Il a indiqué comprendre cette décision et remercie l'ancien Premier ministre japonais pour les efforts qu'il a déployés ces dernières années. "Le CIO respecte pleinement la décision du président Mori de se retirer et en comprend les raisons", précise Thomas Bach sur le site du CIO. "Dans le même temps, nous tenons à le remercier pour sa contribution exceptionnelle, au cours des dernières années, à l'organisation des Jeux Olympiques et Paralympiques reprogrammés de Tokyo 2020. Parmi ses nombreuses réalisations, le président Mori a contribué à faire de Tokyo la ville olympique la mieux préparée de tous les temps. Le CIO continuera à travailler main dans la main avec son successeur pour assurer la tenue, en toute sécurité, des Jeux Olympiques de Tokyo 2020 en 2021"."

L'Australien John Coates, vice-président du CIO et président de la commission de coordination de Tokyo 2020, qui a, à ce titre, collaboré directement avec M. Mori a déclaré : "Tout au long de nos huit années de collaboration, le président Mori a été un dirigeant solide et efficace, à qui l'on pouvait toujours faire confiance pour trouver des solutions, même dans les circonstances les plus difficiles de la pandémie de Covid-19. La coopération avec le président Mori a été exceptionnelle. Je tiens à le remercier pour tout son soutien et son dévouement".

Le CIO souligne encore qu'il "a été informé et se félicite du fait que le comité d'organisation suivra la procédure établie afin de désigner le nouveau président" et se dit "encouragé par le fait que le directeur général (du TOCOG, NDLR), Muto Toshiro, assurera la continuité de l'organisation et de la livraison de ces Jeux Olympiques et Paralympiques de Tokyo 2020.

L'actuelle ministre japonaise en charge des Jeux, Seiko Hashimoto, elle-même ancienne Olympienne, est considérée comme l'une des candidates sérieuses pour remplacer Mori.
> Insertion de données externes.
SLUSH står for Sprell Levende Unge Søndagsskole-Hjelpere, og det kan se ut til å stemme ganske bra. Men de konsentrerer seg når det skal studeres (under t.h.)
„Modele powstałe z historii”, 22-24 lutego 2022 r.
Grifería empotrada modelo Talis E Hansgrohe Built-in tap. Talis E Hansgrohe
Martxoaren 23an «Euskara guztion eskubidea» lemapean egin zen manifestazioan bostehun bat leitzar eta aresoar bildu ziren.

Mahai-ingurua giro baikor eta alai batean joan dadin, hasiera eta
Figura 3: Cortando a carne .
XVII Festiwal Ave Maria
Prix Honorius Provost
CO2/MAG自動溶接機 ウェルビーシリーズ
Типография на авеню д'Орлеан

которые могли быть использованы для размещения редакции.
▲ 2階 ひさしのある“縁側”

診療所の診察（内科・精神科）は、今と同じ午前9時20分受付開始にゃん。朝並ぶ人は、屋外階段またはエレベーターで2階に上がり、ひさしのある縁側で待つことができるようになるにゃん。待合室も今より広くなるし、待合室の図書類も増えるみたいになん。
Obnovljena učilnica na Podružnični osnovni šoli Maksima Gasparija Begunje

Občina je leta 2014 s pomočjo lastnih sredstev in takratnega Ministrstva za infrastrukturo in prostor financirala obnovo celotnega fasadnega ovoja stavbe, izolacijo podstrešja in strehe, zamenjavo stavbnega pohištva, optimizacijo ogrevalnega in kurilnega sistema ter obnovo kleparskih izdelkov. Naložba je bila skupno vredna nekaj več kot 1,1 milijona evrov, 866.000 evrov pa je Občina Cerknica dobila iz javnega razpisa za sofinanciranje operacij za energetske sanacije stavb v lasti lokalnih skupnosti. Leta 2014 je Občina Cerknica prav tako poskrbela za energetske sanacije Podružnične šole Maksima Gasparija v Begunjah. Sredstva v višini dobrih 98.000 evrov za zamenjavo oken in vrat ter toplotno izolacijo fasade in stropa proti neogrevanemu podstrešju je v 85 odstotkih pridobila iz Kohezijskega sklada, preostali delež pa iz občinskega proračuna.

Le 3 février, au cours d'une réunion avec des responsables du Comité olympique japonais, M. Mori avait déclaré que les femmes "ont du mal" à être concises dans leurs interventions lors des réunions "ce qui est embêtant". Et d'ajouter qu'au sein du comité d'organisation des JO de Tokyo "nous avons sept femmes (sur les 35 membres du conseil d'administration, NDLR), mais elles savent rester à leur place."
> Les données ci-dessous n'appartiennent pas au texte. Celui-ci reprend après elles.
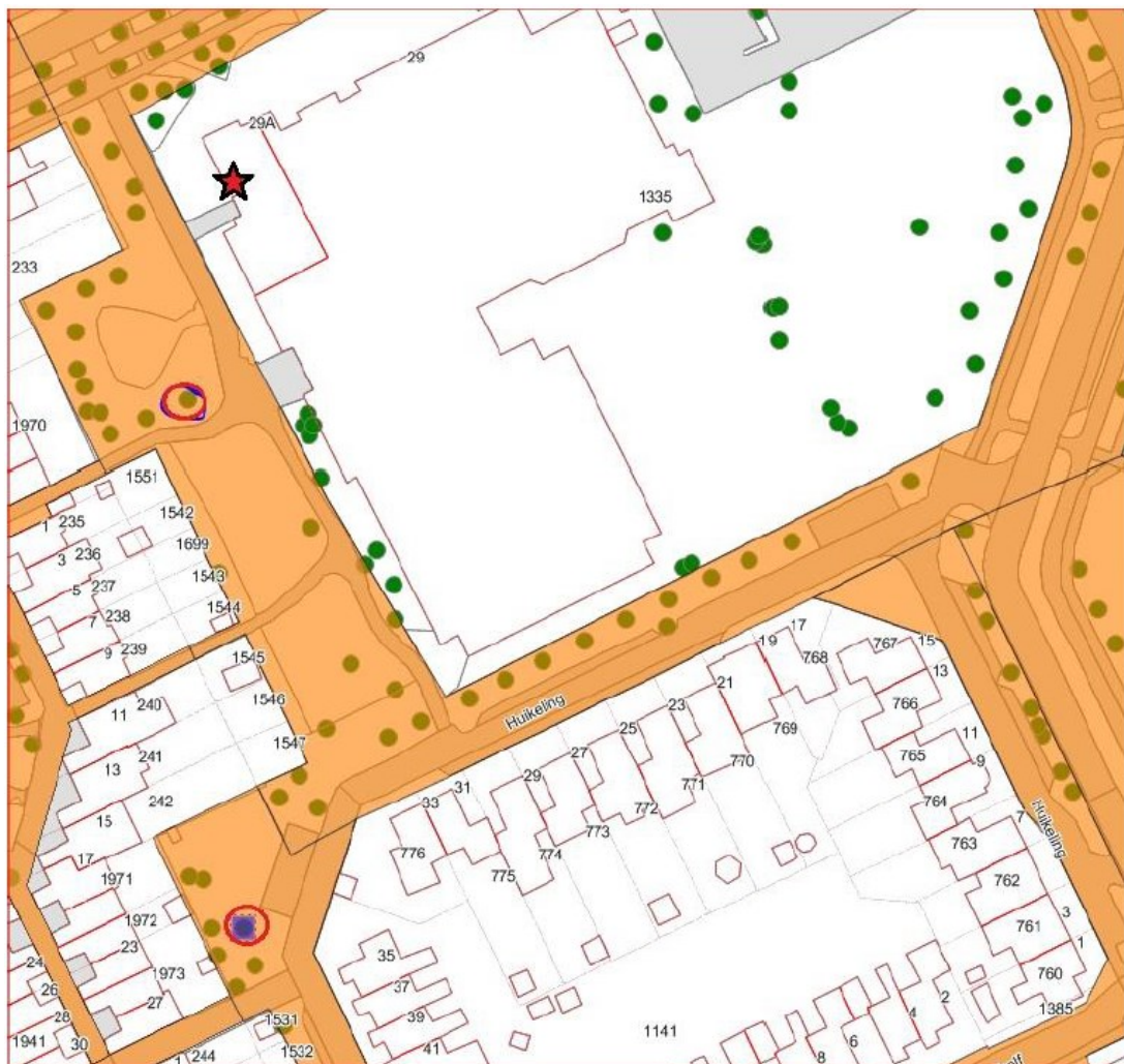
Locatie steenmarterkasten (rood omcirkeld) en locatie huidige verblijfplaats Steenmarter (rode ster)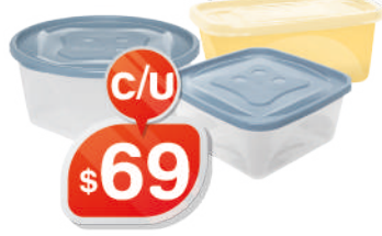
POTES DE 3LTS. REDONDO - CUADRADO - RECTANGULAR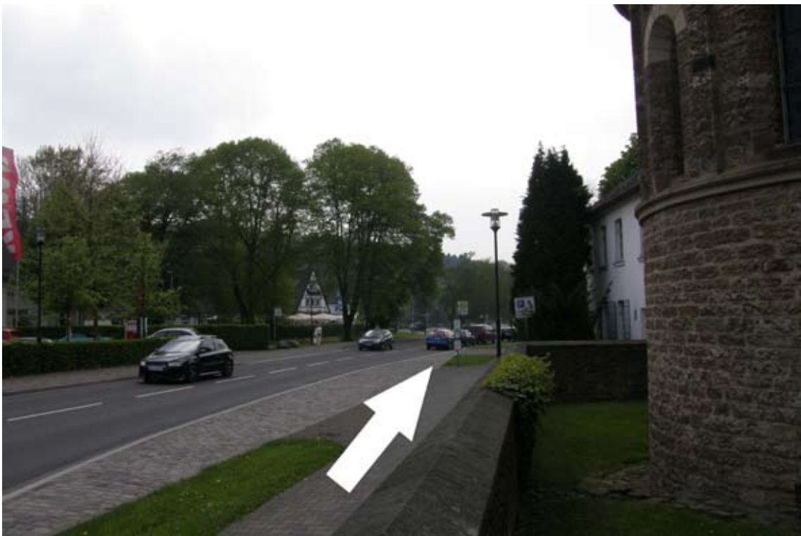
3.) an der Straße rechts Richtung Kreisverkehr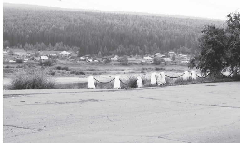
Набережная в мкр. Лена по ночам тоже не пустует

Допустимый уровень шума в жилых помещениях, установленный Санэпиднадзором: 55 дБ днем, 45 дБ ночью.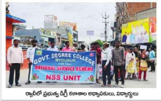
ర్యాలీలో ప్రభుత్వ డిగ్రీ కళాశాల అధ్యాపకులు, విద్యార్థులు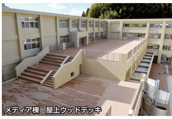
メディア棟 屋上ウッドデッキ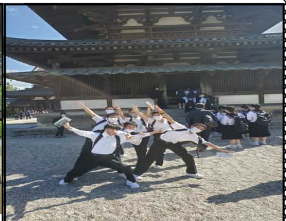
法隆寺五重の塔前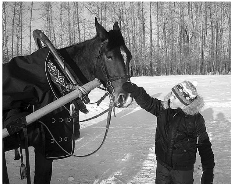
Зимой от села Боголюбково до храма Покрова на Нерли можно добраться на санях. Стоит это удовольствие всего 200 рублей.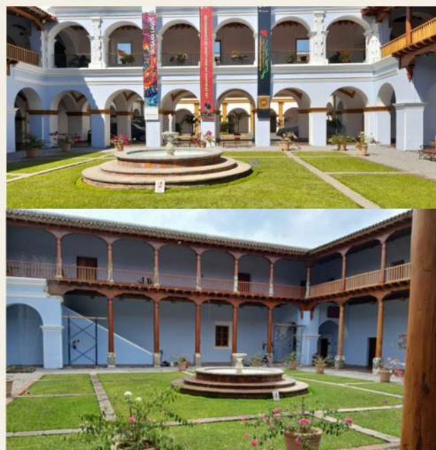
Figura 1. Vistas del patio central del Centro de Formación de Cooperación Española - CFCE.

Además, es una ciudad colonial que cuenta con servicios médicos básicos, farmacias y supermercados.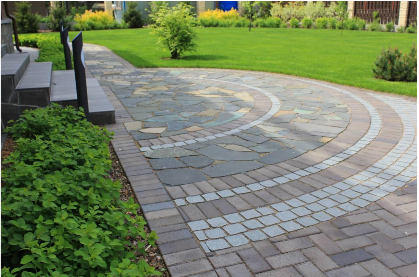
Ремонт твердых покрытий аллей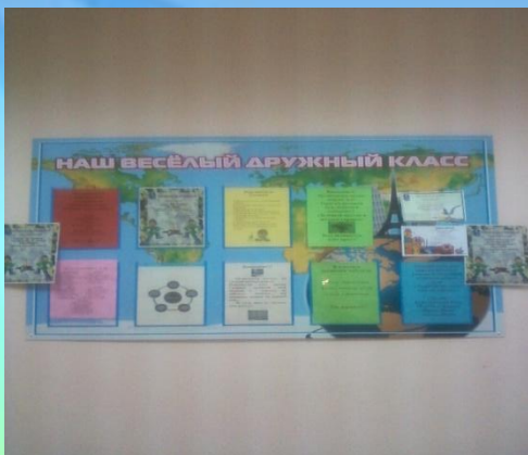
Стенд «К уроку»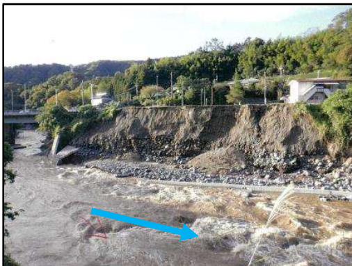
酒匂川 新鮎沢橋下流左岸

Ces propos avaient provoqué une forte réaction de désapprobation au Japon. Après avoir présenté dès le lendemain ses excuses, M. Mori avait écarté l'idée de démissionner. Le CIO avait dans un premier temps estimé l'incident clos avant de juger ces propos contraires aux idées olympiques. L'affaire était loin d'être terminée. Une pétition a rassemblé plus de 110.000 signatures réclamant des sanctions à l'encontre du patron des JO 2020. Sous la pression, Yoshiro Mori, 83 ans, a effectué vendredi le pas de côté attendu. Il occupait son poste depuis 2014.
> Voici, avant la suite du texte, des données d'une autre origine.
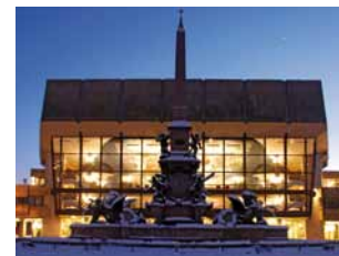
Gewandhaus de Leipzig

En sa qualité de lieu de représentation du fameux Orchestre du Gewandhaus, la salle de concert est l'une des meilleures adresses au monde. Environ un demi-million d'amoureux de la musique du monde entier visitent le Gewandhaus chaque année. En 1743, des commerçants de Leipzig ont ainsi fondé l'orchestre de concert bourgeois le plus ancien d'Europe. La salle inaugurée à la fin du XVIII e siècle dans la maison de commerce des drapiers de l'époque est à l'origine de son nom. Mais ses chefs d'orchestre ont marqué sa réputation légendaire : de Johann Adam Hiller en passant par Felix Mendelssohn Bartholdy et Arthur Nikisch jusqu'à Kurt Masur, Herbert Blomstedt et aujourd'hui Riccardo Chailly.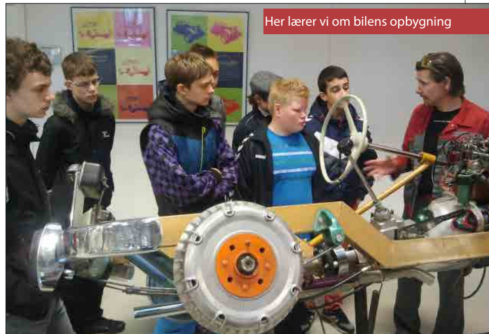
Her lærer vi om bilens opbygning

Ældste team har været på Auto College Aalborg, hvor eleverne lærte lidt om biler. De lærte om vedligeholdelse, rengøring og bilreparationer.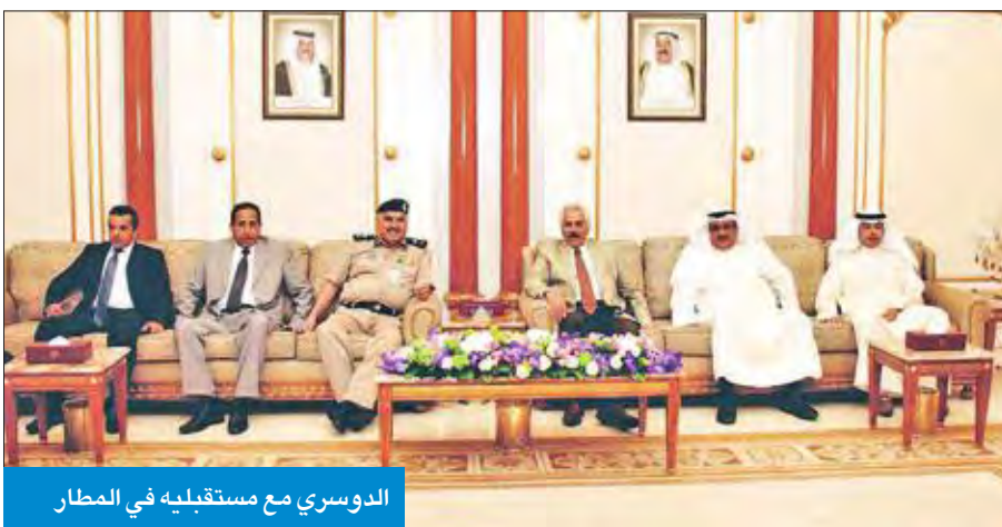
الدوسري مع مستقبليه في المطار

اطلع على أولى الطائرات العمودية المخصصة لـ «الداخلية»

Cette démission tombe mal, à moins de six mois de l'ouverture des Jeux prévue le 23 juillet, alors que l'opinion publique japonaise est de plus en plus opposée à la tenue de l'événement. Un sondage mené par l'agence de presse japonaise Kyodo au cours du week-end dernier a révélé que 47 % des personnes interrogées pensent que les Jeux Olympiques et Paralympiques devraient être à nouveau reportés en raison de la pandémie de coronavirus, tandis que 35 % pensent que les Jeux devraient être annulés. A peine 14 % des sondés ont déclaré qu'ils devraient se tenir comme prévu.